▸ **DIRECTIONS FOR THIS TASK**
Could you copy exactly the lines below, beginning at the line with "Laptop Lenovo Thinkpad" and stopping after the line with "2月19日 18:09頃、中", with no pictures?

◇ ◇ ◇ ◇ ◇ ◇ ◇

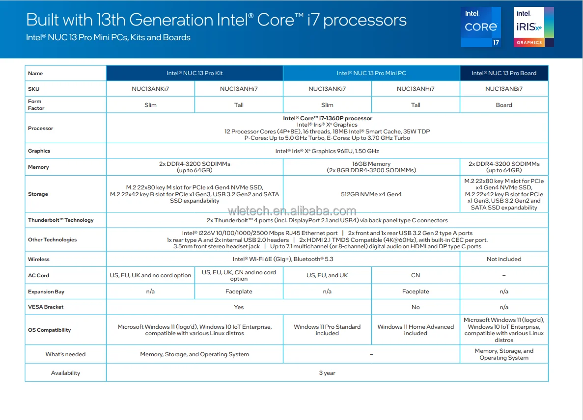 Comprar ¡Estoque listo! Intel NUC 13 Pro NUC13ANHi7 Original Intel nuc 13th Core i7-1360P Arena Can-yon Intel nuc 13 pro i7 mini pc para juegos
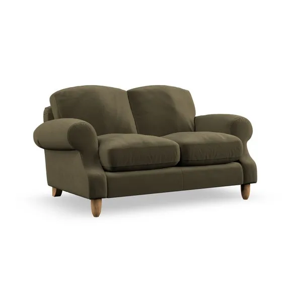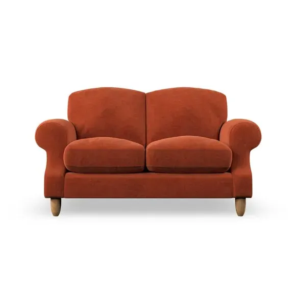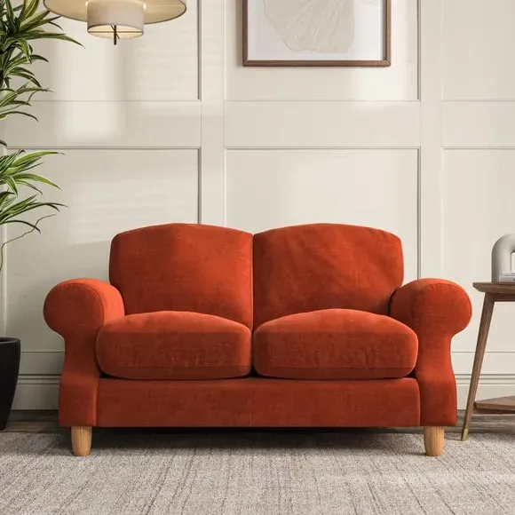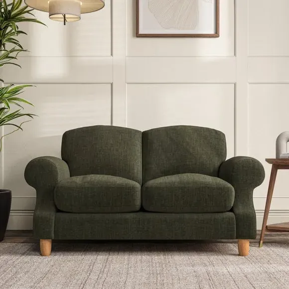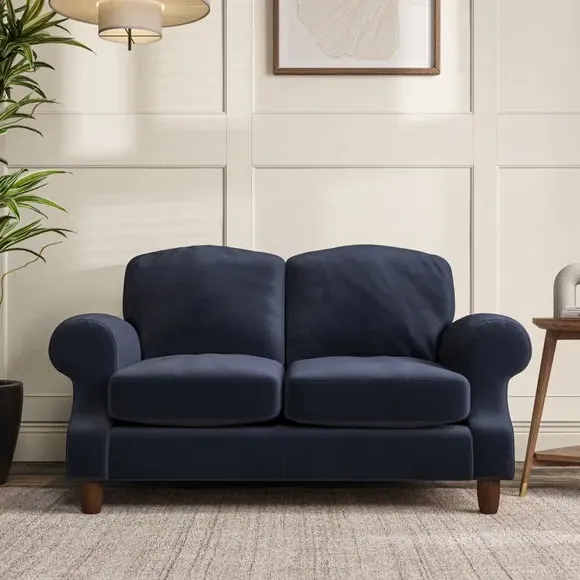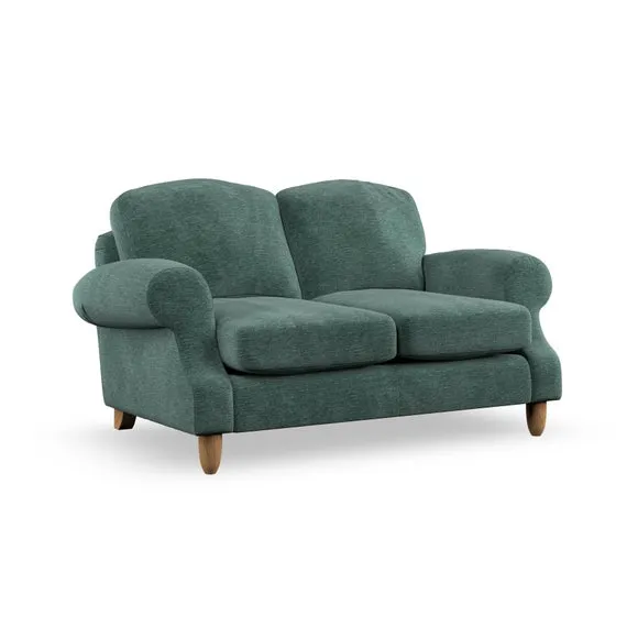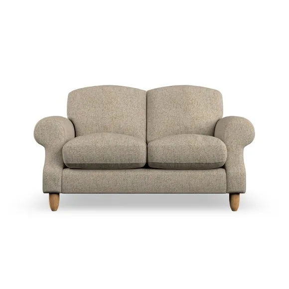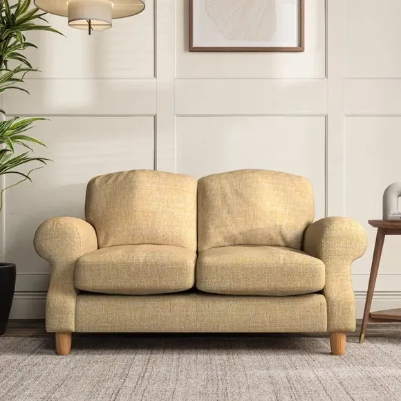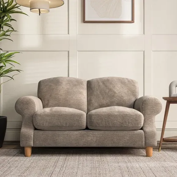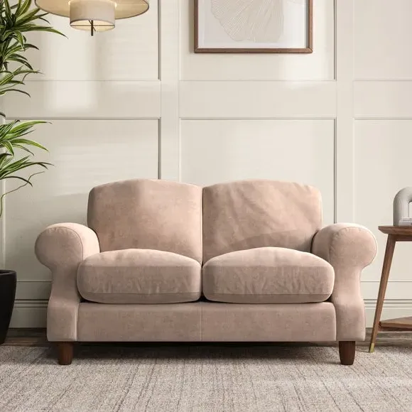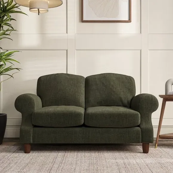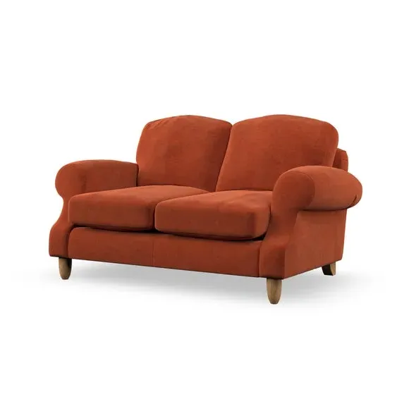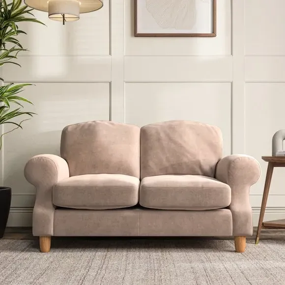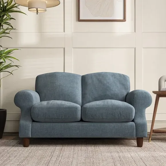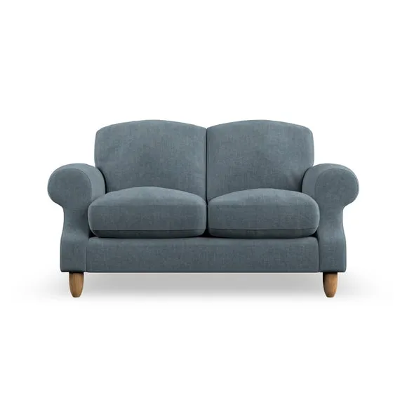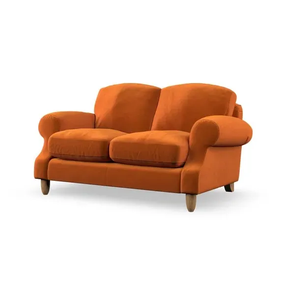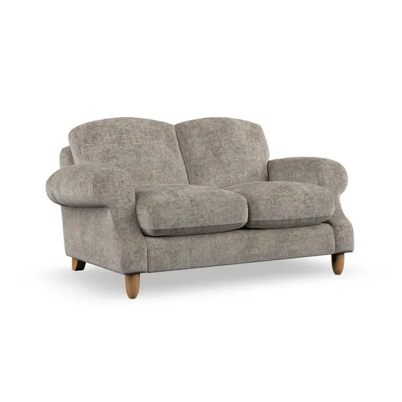 The 2-seater sofa combines comfort with its cut back scroll arms and gently arched back cushions. Its high back cushions with generous fibre filling provide excellent support for your back and shoulders, while the top-stitched detail on the arm front adds sophistication. The serpentine seat springs offer enhanced comfort, and the turned hardwood legs ensure durability and easy assembly.
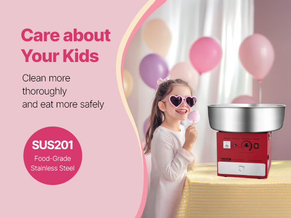 VEVOR Electric Cotton Candy Machine, 1000W Commercial Candy Floss Maker with 52cm in Stainless Steel Bowl, Sugar Scoop, and Drawer, Easy Home Use, Perfect for Kids Birthday, Family Party, Red
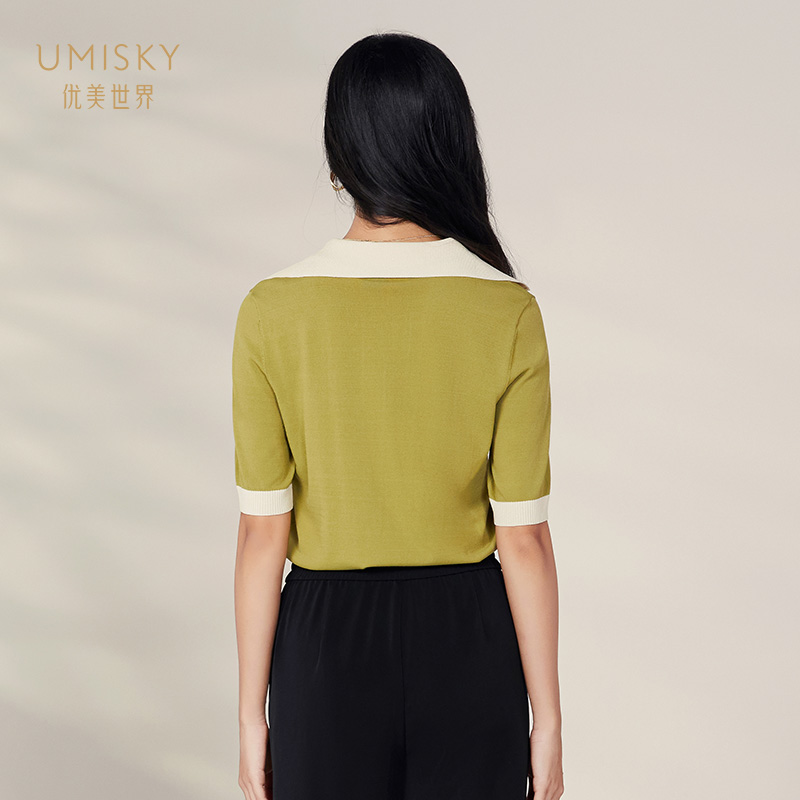 拼色翻领套头针织衫 法式 上衣SK1W3002 夏季 umisky优美世界专柜同款
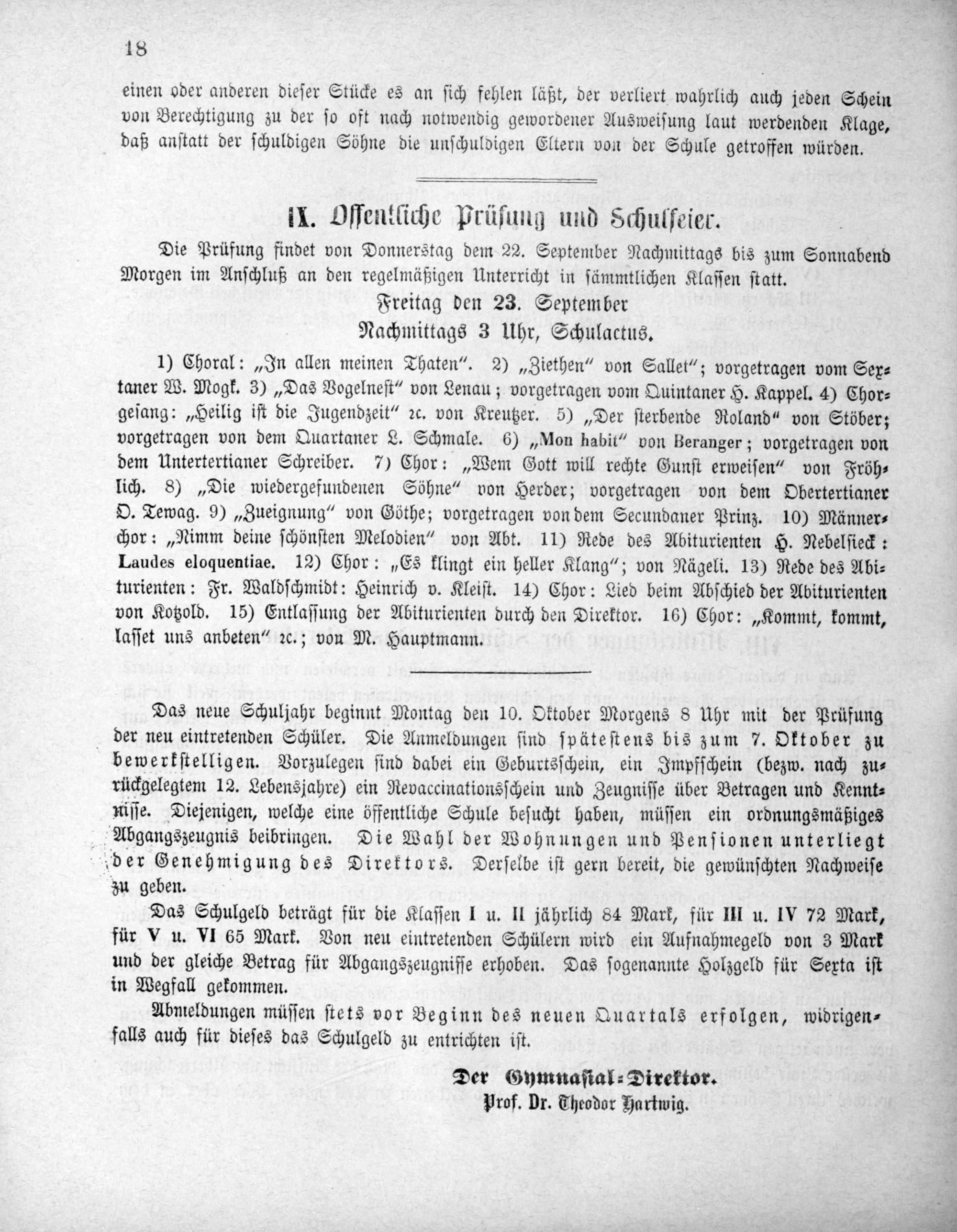II. Offentliche Prüſung und Schulſeier. Die Prüfung findet von Donnerstag dem 22. September Nachmittags bis zum Sonnabend Morgen im Anſchluß an den regelmäßigen Unterricht in ſämmtlichen Klaſſen ſtatt. Freitag den 23. September Nachmittags 3 Uhr, Schulactus.
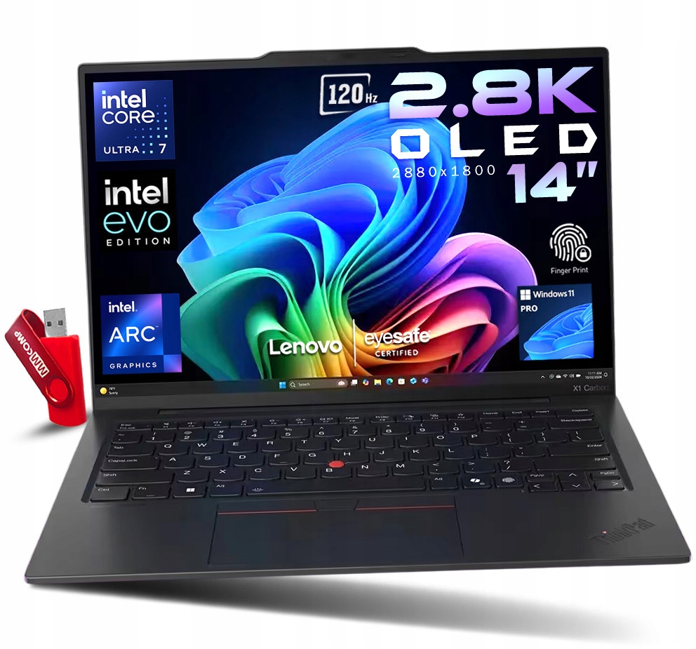 Laptop Lenovo Thinkpad X1 Carbon G13 Intel Core Ultra 7 268V DDR5 SSD 14" WQXGA+ 2880x1800 OLED, 100% DCIP3 Intel Arc Graphics 140V Windows 11 Pro + PENDRIVE
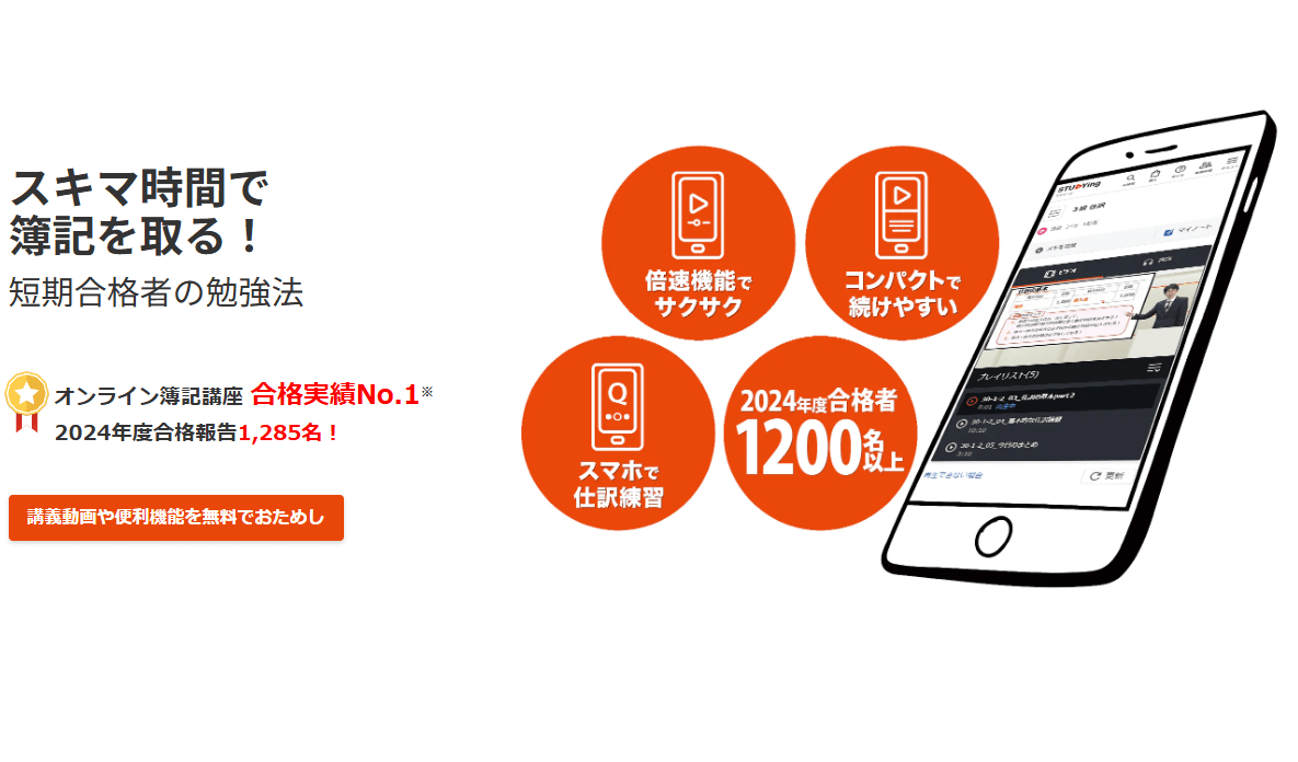 スタディングの簿記通信講座は、スマホ1台でどこでも学べるオンライン完結型が特徴です。
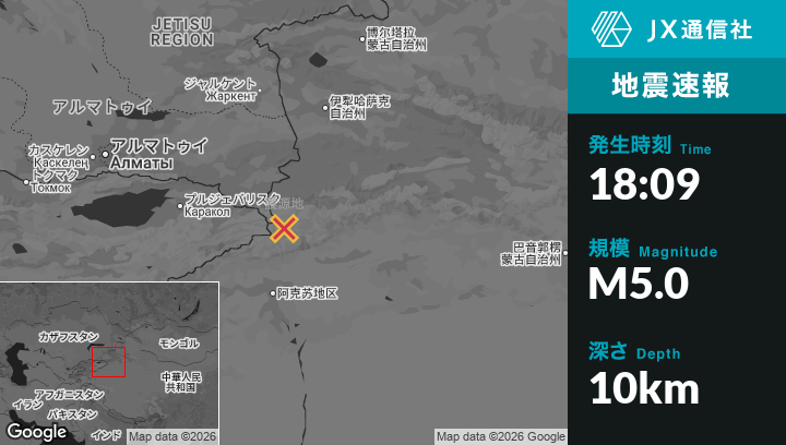 2月19日 18:09頃、中国のAksuから北118kmの地点でM5.0の地震がありました。
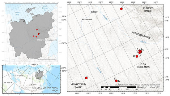 Location of sampling points in the Verkhoyansk Range system; numbers correspond to Table 2.
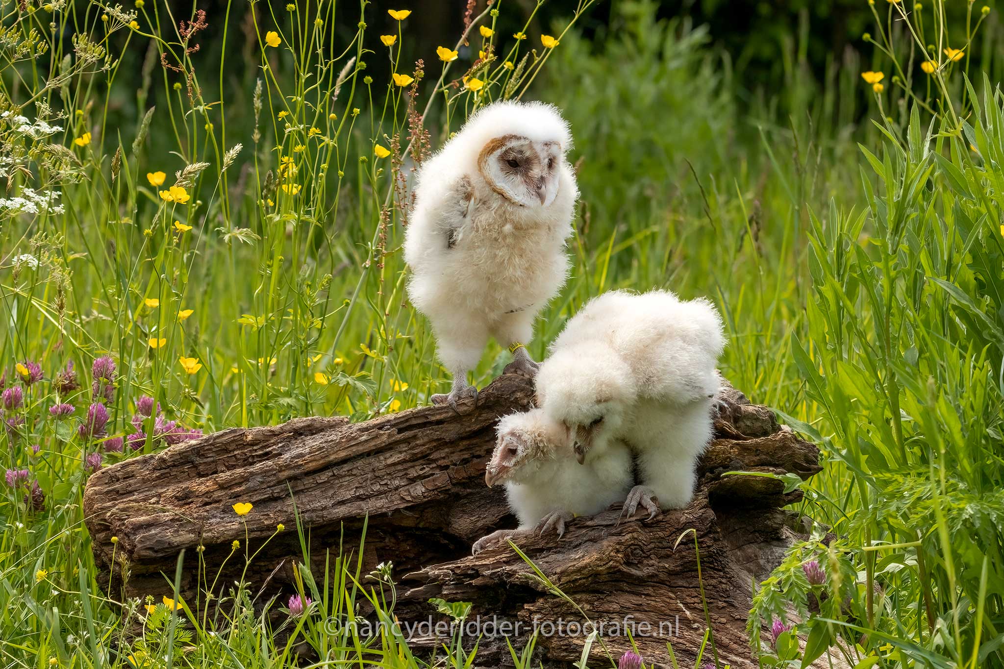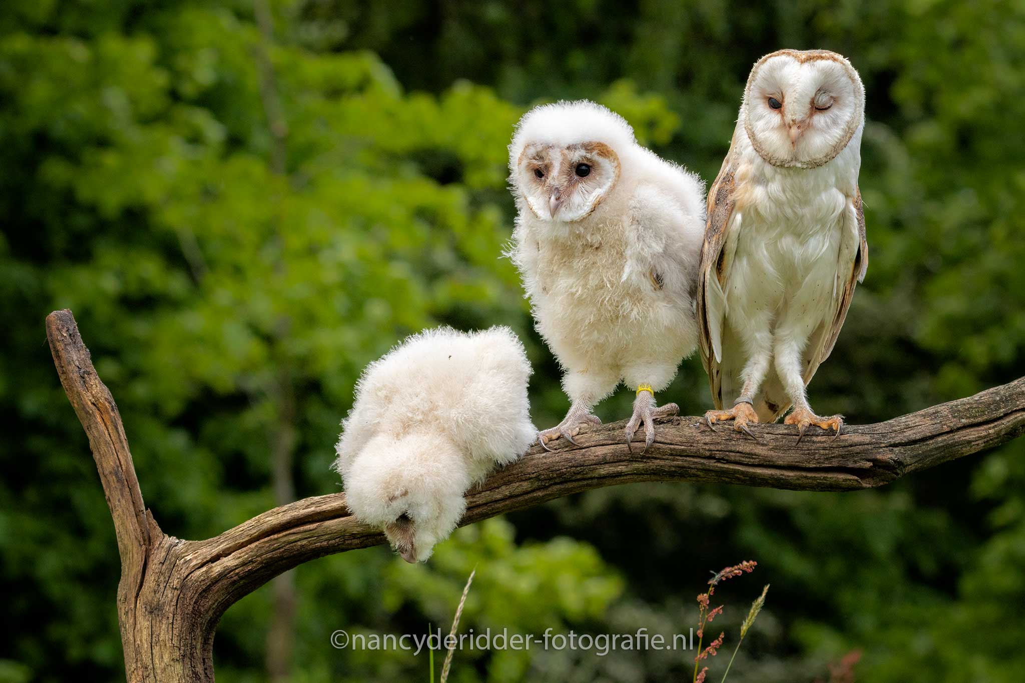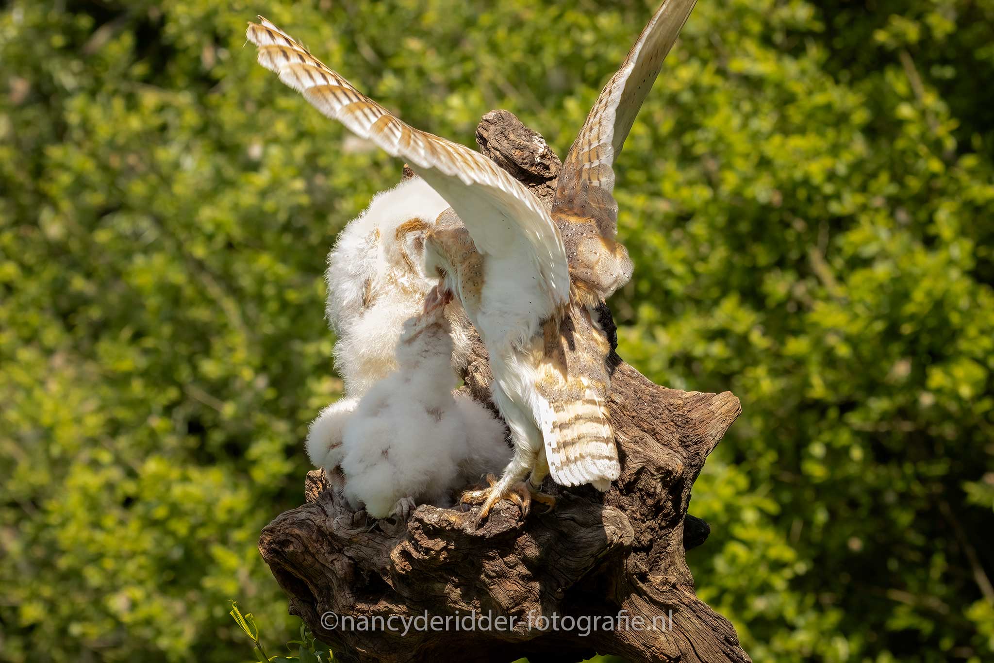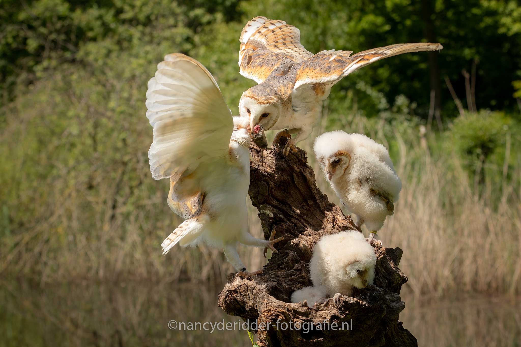 Aangekomen op de locatie stonden daar nog wat fotografen te wachten tot de poort open ging en wij naar binnen mochten. Een groepje van 8 fotografen is heel goed te doen en lopen we elkaar ook niet in de weg. Eenmaal binnen stond daar al gelijk een boomstronk waar dus 3 jonge kerkuilen op ons zaten te wachten, wat een schatjes zeg. Drie witte donzige pakketjes op een boomstronk, snel de camera uitpakken. Al snel kwam moeders erbij, want ja niemand laat zijn kinderen alleen natuurlijk toch?
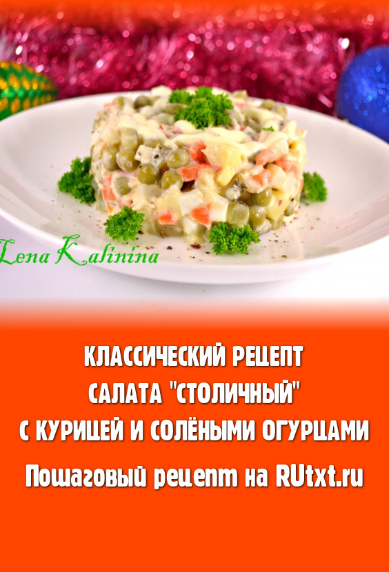 Аппетитный салат "Столичный" можно оформить с помощью кулинарного кольца или выложить в салатник, украсить зеленью петрушки и подать к повседневному или праздничному столу. Это блюдо, приготовленное по классическому рецепту с курицей и солёными огурцами, непременно порадует вас приятным вкусом, а кому-то навеет и приятные воспоминания!

◇ ◇ ◇ ◇ ◇ ◇ ◇

▸ **RESULT FOR THIS TASK**
 Laptop Lenovo Thinkpad X1 Carbon G13 Intel Core Ultra 7 268V DDR5 SSD 14" WQXGA+ 2880x1800 OLED, 100% DCIP3 Intel Arc Graphics 140V Windows 11 Pro + PENDRIVE
 スタディングの簿記通信講座は、スマホ1台でどこでも学べるオンライン完結型が特徴です。
 2月19日 18:09頃、中国のAksuから北118kmの地点でM5.0の地震がありました。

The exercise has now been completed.